Stella Schwartz, 16, hopped on the chess bandwagon this year after hearing about the game from her older brother, Hugh, a high school senior in San Francisco. Alex Post, a freshman at the University of Colorado, started playing in February, after some chess videos appeared in his TikTok feed; he then got his whole fraternity playing.
Many other teenagers and young adults said that they, too, have recently developed a regular chess habit. By all accounts — from players, parents, teachers, website metrics — the game's popularity has exploded.
Since early November, the number of daily active users to Chess.com, a website and app where visitors can get chess news, learn the game and play against one another and computer opponents, has jumped from 5.4 million to more than 11 million, rising sharply after the beginning of the year.
The biggest growth has come from players 13 to 17 years old — 549,000 visited Chess.com in January and February, more than twice as many as in the two previous months, according to the company. The second-fastest age group in the same period was 18- to 24-year-olds.
"It's everyone, every single day," Stella Schwartz said. "I've seen people play at parties."
Casual observers, as well as newly avid chess players, often attribute the trend to pandemic lockdown and boredom, or perhaps to the popularity of the 2020 Netflix miniseries "The Queen's Gambit." But quietly a grandmaster plan also was unfolding, carefully crafted by Chess.com to broaden the appeal of the game and turn millennials and Generation Z into chess-playing pawns. Were they playing chess, or was chess playing them?
"Everything was targeted right at high school, college and junior high," said Erik Allebest, CEO of Chess.com.

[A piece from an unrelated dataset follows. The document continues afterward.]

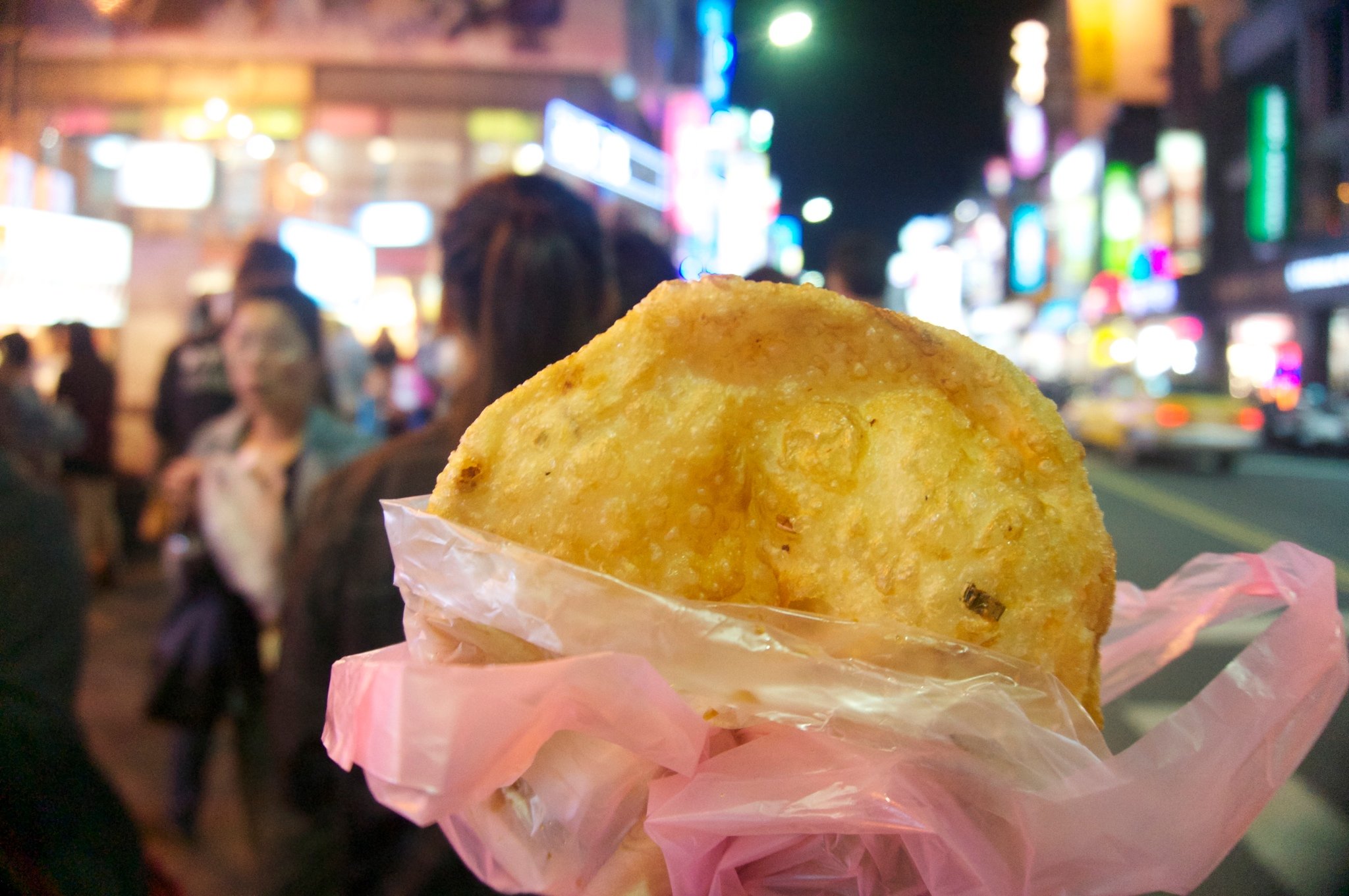 《等了四年的聚会,一个人的15天台湾环岛自由行》中提到的 郭家葱油饼 攻略郭家葱油饼 士林夜市必吃,必须点加蛋NT25郭家葱油饼士林夜市必吃,必须点加蛋NT25国内吃的葱油饼是煎的,台湾的是炸的,然后淋上蒜蓉酱油跟辣酱,油油的,咬下去味道浓厚,饼皮松软,还会爆浆!来自游记等了四年的聚会,一个人的15天台湾环岛自由行

The strategy "was very much deliberate," he said: to erase the perception of chess as a grueling, geeky battle of wits and to package it instead on social media as a less intimidating game. The strategy, simply, was to rebrand it as good old-fashioned fun.
"When I was a kid, chess was for nerds," Allebest said. "We started selling the enjoyment of chess and community more than just the top players and news of top players."
The matches offered on Chess.com also play to impatience. Timed games can be played at various lengths: 10 minutes, three minutes or even one minute. Still too long? Enjoy a 30-second match.
Sometimes, Allebest said, it's just about sport for sport's sake, "not about getting better."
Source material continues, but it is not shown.